Worse though, was that I also hadn't been able to tell her that I loved her. Those words had died on my tongue, helpless and wasted. I was a fucking coward. I'd been a coward 8 years ago and I'd been a coward six days ago, and I was still a coward today. Yet more proof that Gideon was right. People didn't change.

The sound of the door opening rips me from my thoughts, thoughts as bleak as the weather and as dark as my fucking soul. Oh so I was poetic as well. The sound of a human toppling onto the marble floor by the door an instant later distracts me further. As I cross the room towards the noise, the delicate heap of crumpled limbs looks up at me, clearly mortified.

Her eyes widen as she drinks me in, taking the measure of me. She looks surprised, perhaps even a little awed. Her face is one of powder blue eyes framed by pale skin and dark hair. Pretty. Innocent looking, and from her place on the floor gazing up at me from behind those wide eyes... submissive.

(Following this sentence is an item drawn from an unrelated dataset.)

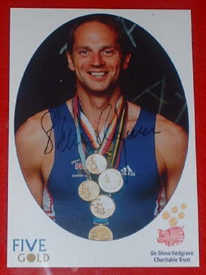 5 TIMES GOLD WINNING ROWING LEGEND STEVE REDGRAVE SIGNED OFFICIAL CARD

"Miss Kavanagh, are you all right?" I stretch my hand down to her. She just gapes at me as though I've spoken a foreign language, before taking my hand, allowing me to pull her to her feet. "Christian Grey," I confirm, shaking her hand lightly. It's small and soft in mine and the tips cold.

"I'm Anastasia Steele," she says quietly. Who? Where was Kavanagh's daughter? "Miss Kavanagh has the flu. She asked me to fill in for her, I hope you don't mind Mr Grey?" she asks. She sounds nervous, timid.

I tilt my head and regard her curiously. "So then, you're studying journalism as well?"

"No," she shakes her head. "English Lit... Kate's my roommate."